Looking to some of the output files (test_1000.out, test_100.out), under
Mat Object I see this in the KSPView

      total number of mallocs used during MatSetValues calls =10000

>
> Thanks for the help everyone,
>
> Justin
>
> On Wed, May 8, 2019 at 12:36 PM Matthew Knepley <knepley at gmail.com> wrote:
>
>> On Wed, May 8, 2019 at 2:30 PM Justin Chang <jychang48 at gmail.com> wrote:
>>
>>> Hi everyone,
>>>
>>> Yes I have these lines in my code:
>>>
>>> ierr = DMCreateMatrix(networkdm,&J);CHKERRQ(ierr);
>>> ierr =
>>> MatSetOption(J,MAT_NEW_NONZERO_ALLOCATION_ERR,PETSC_FALSE);CHKERRQ(ierr);
>>>
>>
>> Okay, its not allocation. So maybe Hong is right that its setting great
>> big element matrices.

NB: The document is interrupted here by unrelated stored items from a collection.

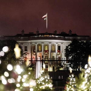 这是12月22日在美国华盛顿拍摄的圣诞树装饰掩映下的白宫。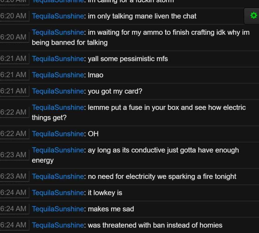 I literally had no other reason to ask you to stop nor did you ask me for any clarification on why i asked you to stop. You acknowledged my request by deciding to antagonize and state "yall some pessimistic mfs" and then continuing with more lewd banter. As for banning within "seconds", the ban was issued until 5 minutes later. As for the minor issue, there is no legal or physical means to gain access to personally identifiable information in which to screen players for age authenticity. Should parents monitor the activities of their childeren? Idealy, yes. Server rules state no harrassment, to include sexual harrassment, which excessive innuendo falls under with or without players expressing like or dislike. You acknowledge these rules when you first join the server. -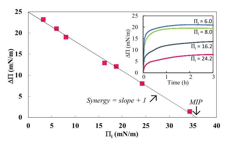 確定綁定參數(shù)的典型示例如圖2所示。實(shí)際上,對于6.0、8.0、16.2和24.2 mN/m的i,分別獲得了21.0、19.0、12.9和8.0 mN/m的(圖2插圖)。被繪制為i的函數(shù),導(dǎo)致負(fù)斜率。因此,在DPPE存在的情況下,mNCS1的MIP值為35.8±1.1 mN/m,協(xié)同值為0.30±0.02。這種積極的協(xié)同作用表明mNCS1和這種脂質(zhì)單層之間發(fā)生了積極的相互作用。然后,以不同的i注射每種脂質(zhì)和MIP,并根據(jù)表面壓力動(dòng)力學(xué)計(jì)算協(xié)同值。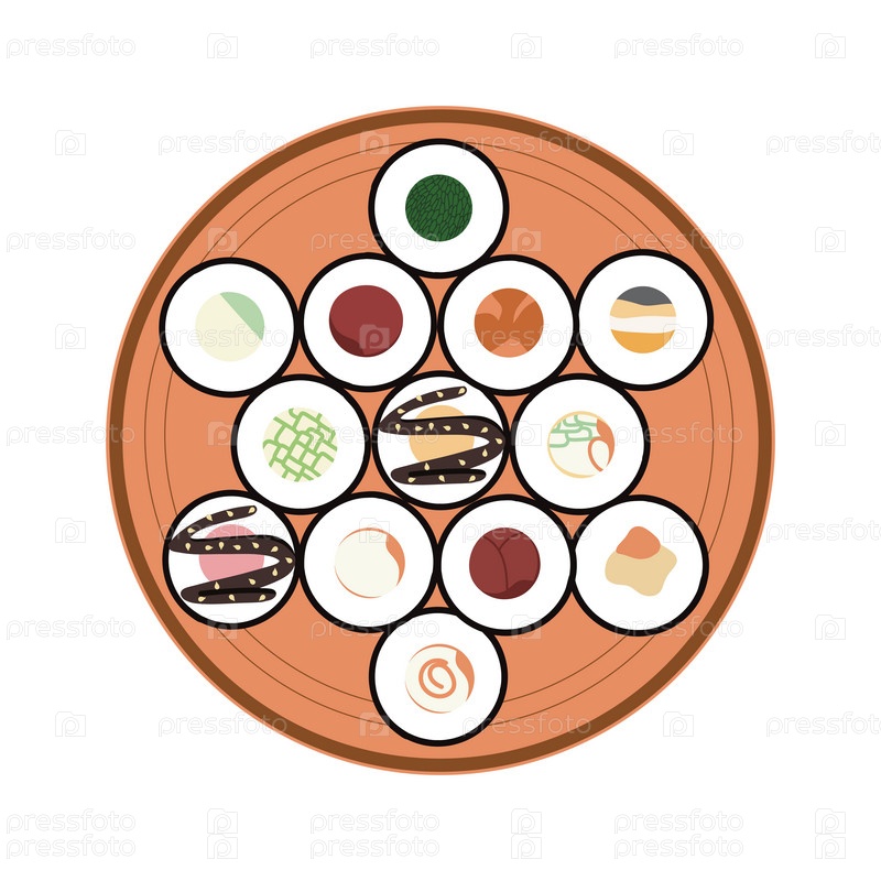 Векторный набор иконок вкусных цветных суши-роллов. Традиционная японская еда
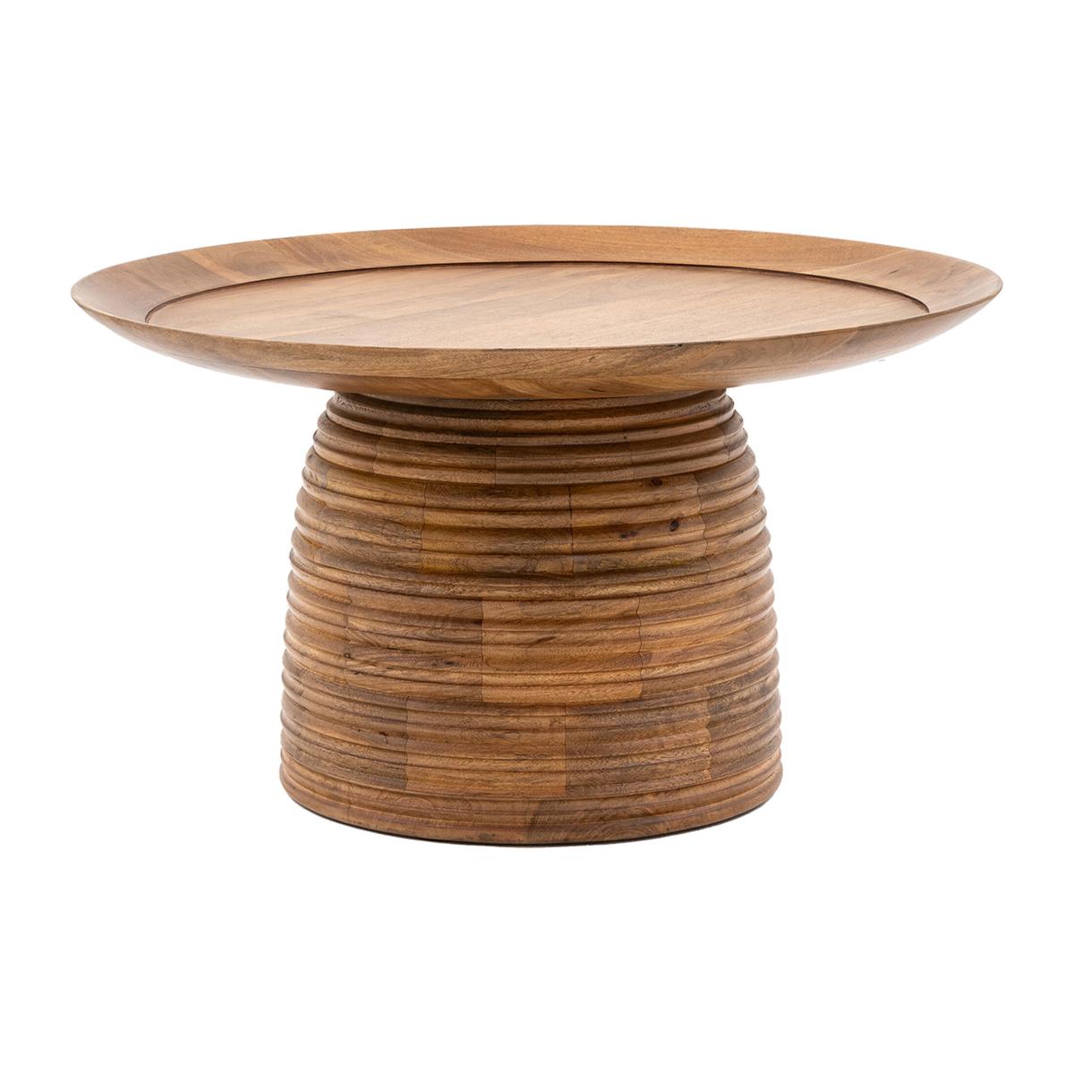 This bohemian-inspired side table is more than just a functional piece. The spacious tabletop showcases the natural beauty of mango wood and the distinctive ridged base adds texture and character.

We will see with the example.
>>
>>   Thanks,
>>
>>     Matt
>>
>>
>>> I tried -info and here's my output:
>>>
>>> [0] PetscInitialize(): PETSc successfully started: number of processors
>>> = 1
>>> [0] PetscInitialize(): Running on machine: jchang31606s.domain
>>> [0] PetscCommDuplicate(): Duplicating a communicator 4436504608
>>> 140550815662944 max tags = 2147483647
>>> [0] PetscCommDuplicate(): Using internal PETSc communicator 4436504608
>>> 140550815662944
>>> [0] PetscCommDuplicate(): Using internal PETSc communicator 4436504608
>>> 140550815662944
>>> Base power = 0.166667, numbus = 115000, numgen = 5000, numyl = 75000,
>>> numdl = 5000, numlbr = 109999, numtbr = 5000
>>>
>>> **** Power flow dist case ****
>>>
>>> Base power = 0.166667, nbus = 115000, ngen = 5000, nwye = 75000, ndelta
>>> = 5000, nbranch = 114999
>>> [0] PetscCommDuplicate(): Duplicating a communicator 4436505120
>>> 140550815683104 max tags = 2147483647
>>> [0] PetscCommDuplicate(): Using internal PETSc communicator 4436505120
>>> 140550815683104
>>> [0] PetscCommDuplicate(): Using internal PETSc communicator 4436505120
>>> 140550815683104
>>> [0] PetscCommDuplicate(): Using internal PETSc communicator 4436505120
>>> 140550815683104
>>> [0] PetscCommDuplicate(): Using internal PETSc communicator 4436505120
>>> 140550815683104
>>> [0] PetscCommDuplicate(): Using internal PETSc communicator 4436505120
>>> 140550815683104
>>> [0] PetscCommDuplicate(): Using internal PETSc communicator 4436505120
>>> 140550815683104
>>> [0] PetscCommDuplicate(): Using internal PETSc communicator 4436505120
>>> 140550815683104
>>> [0] PetscCommDuplicate(): Using internal PETSc communicator 4436505120
>>> 140550815683104
>>> [0] PetscCommDuplicate(): Using internal PETSc communicator 4436505120
>>> 140550815683104
>>> [0] PetscCommDuplicate(): Using internal PETSc communicator 4436505120
>>> 140550815683104
>>> [0] PetscCommDuplicate(): Using internal PETSc communicator 4436505120
>>> 140550815683104
>>> [0] PetscCommDuplicate(): Using internal PETSc communicator 4436505120
>>> 140550815683104
>>> [0] MatAssemblyEnd_SeqAIJ(): Matrix size: 620000 X 620000; storage
>>> space: 0 unneeded,10799928 used
>>> [0] MatAssemblyEnd_SeqAIJ(): Number of mallocs during MatSetValues() is 0
>>> [0] MatAssemblyEnd_SeqAIJ(): Maximum nonzeros in any row is 28
>>> [0] MatCheckCompressedRow(): Found the ratio (num_zerorows
>>> 0)/(num_localrows 620000) < 0.6. Do not use CompressedRow routines.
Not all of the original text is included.